It cannot be said that the conversation around sustainability and carbon intensity in the energy industry happened overnight, since the topic has been a subject for over five decades. But what has changed is that there has been a major acceleration in the discussion in the last year, and even the last month. The European majors and supermajors have all adopted ambitious carbon-neutral goals – even though some jurisdictions are saying that those aren’t even enough. Over the pond, even shareholders are pushing the traditionally more reticent American giants to adopting stronger climate change goals. Nothing is more emblematic of this change that the shareholder revolt at ExxonMobil’s recent AGM, where upstart activist investor Engine No. 1 managed to oust a quarter of ExxonMobil’s board; the initial tally saw two of its candidates elected, but the final numbers showed that three of Engine No. 1’s nominees now sit on the Board of Directors with a remit to initiate climate change manoeuvres from the inside.

That sort of conversation will be jittery for a particular section of the industry: Canadian oil sands – the heavy, sandy deposits of bitumen in Alberta that provide Canada with the third-largest proven oil reserves in the world. Extracting this heavy stuff is expensive, requiring large-scale excavation and massive capital spending that only really made economic sense with the oil price boom in the late 2000s. Shipping this tarry substance is also a challenge, necessitating dilution with lighter crudes to be shipped via pipeline – which is the only major viable route to market for landlocked Alberta, sending the tarry substance all the way south to the US Gulf Coast for processing. The problem is that extracting oil sands is extremely energy-intensive – with the main culprit being steam injection to liquify the underground bitumen – that has resulted in some of the highest carbon emissions per barrel in the world. In a world racing towards net zero carbon emissions, that is quickly proving to be unacceptable.

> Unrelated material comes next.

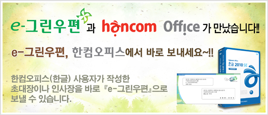 충청우정청 관계자는 “종전에‘e-그린우편’을 보낼 때는 우체국 창구를 방문하거나 인터넷우체국에 접속해야만 했다”면서 “앞으로는 한컴오피스에서 바로 인터넷우체국에 접속하면 고객이 작성한 편지를 여러 사람에게 편리하게 보낼 수 있게 됐다”고 말했다.
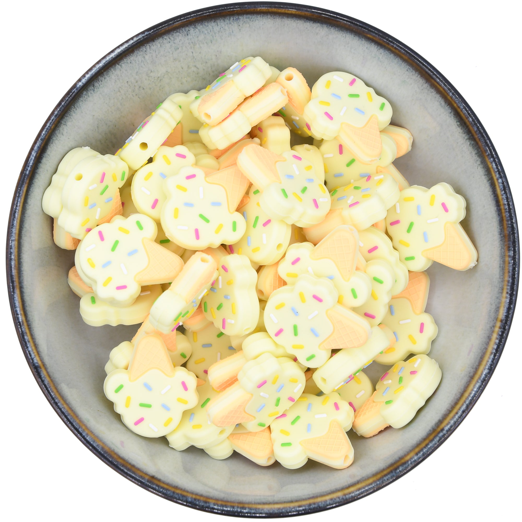 Siliconen kraal in de vorm van een ijsje. Bijvoorbeeld heel erg leuk aan een sleutelhanger of tashanger of op een pen.

So while the climate change debate rages on in the boardrooms of the largest energy firms, the exit has already begun from Alberta, operationally and financially. The latest moves come from Chevron, which saw its shareholders overturn the company’s recommendation to instil stricter emissions targets for its crude, and the New York State Common Retirement Fund, the third-largest in the USA. Chevron’s CEO Mike Wirth recently signaled that he was open to offloading its 20% stake in the Athabasca oil sands project, stating that even though it generates ‘pretty good cash flow without needing much capital’ it was not a ‘strategic position’. Wirth insisted that Chevron wasn’t operating on a ‘fire-sale mentality’ but would consider selling if it got ‘fair value’ – with in business-speak is basically as invitation for offers. But would those offers be forthcoming? Investors all around the world have pulled back from financing Canadian oil sands, limiting the pool of potential buyers. In April, the New York state pension fund restricted investment in six oil sands companies – Imperial Oil, Canadian Natural Resources, MEG Energy Corp, Athabasca Oil Corp, Japan Petroleum Exploration and Cenovus Energy – claiming that they ‘do not have viable plans to adapt to the low-carbon future, posing significant risks for investors’. The amount of funds (US$7 million) is a drop in the ocean for the US$248 billion pension fund, but the message it sends is loud and clear.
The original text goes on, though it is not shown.